Telling ChatGPT to fact-check a random answer before solving an actual problem makes it think harder, and get the answer right more often – even if the earlier ‘random’ answer has nothing to do with your real query.

 

An interesting new paper from China has developed a very low-cost method to stop language models such as ChatGPT from hallucinating, and to improve the quality of answers: get the model to fact-check the answer to a totally unrelated question first:

An example of an unrelated question that can 'free the mind' of an LLM, and help it to focus on a (real) subsequent inquiry. Source: https://arxiv.org/pdf/2511.21734

An example of an unrelated question that can ‘free the mind’ of an LLM, and help it to focus on a (real) subsequent inquiry. Source

This Zen slap is an incredibly cheap way of improving performance, compared to other more involved methods, such as fine-tuning, prompt-crafting and parallel sampling, and it works on open and closed-source models alike, indicating the discovery of a fundamental character trait common to multiple LLM architectures (rather than a fragile quirk particular to specific training materials or methods).

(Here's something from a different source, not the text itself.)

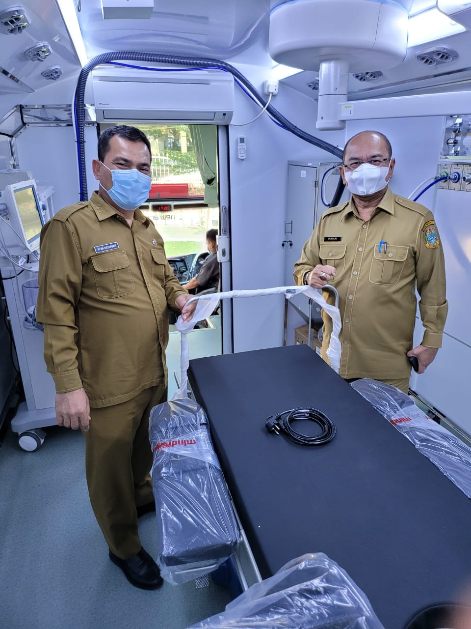 Launching Bus Medis kata Alwi, diperuntukan bagi pasien yang akan dioperasi maupun pasien covid 19 nantinya di Kabupaten/Kota dengan fasilitas berupa alat medis dan ruang operasi serta perawat juga dokter.

The authors outline the economies of scale possible by improving output in this Spartan manner*:

‘To implement with minimal additional prior knowledge, VF only needs to provide a random/trivial answer in the prompt. The verification process turns out to have much fewer output tokens than an ordinary CoT path, [sometimes] even no explicit verification-only process, thus [requiring] very [little] additional test-time computation.’

In tests, this approach – dubbed Verification-First (VF) –  was able to improve responses in a diversity of tasks, including mathematical reasoning, across open source and commercial platforms.

Part of the reason why this technique works may be grounded in the way that language models soak up and appropriate trends in human psychology, so that a direct question may make the model ‘defensive’ and ‘nervous’, whereas a request to verify the work of another does not engage these ‘survival instincts’.

The core idea is that verifying an answer takes less effort than generating one from scratch, and can trigger a different reasoning path that complements standard chain-of-thought.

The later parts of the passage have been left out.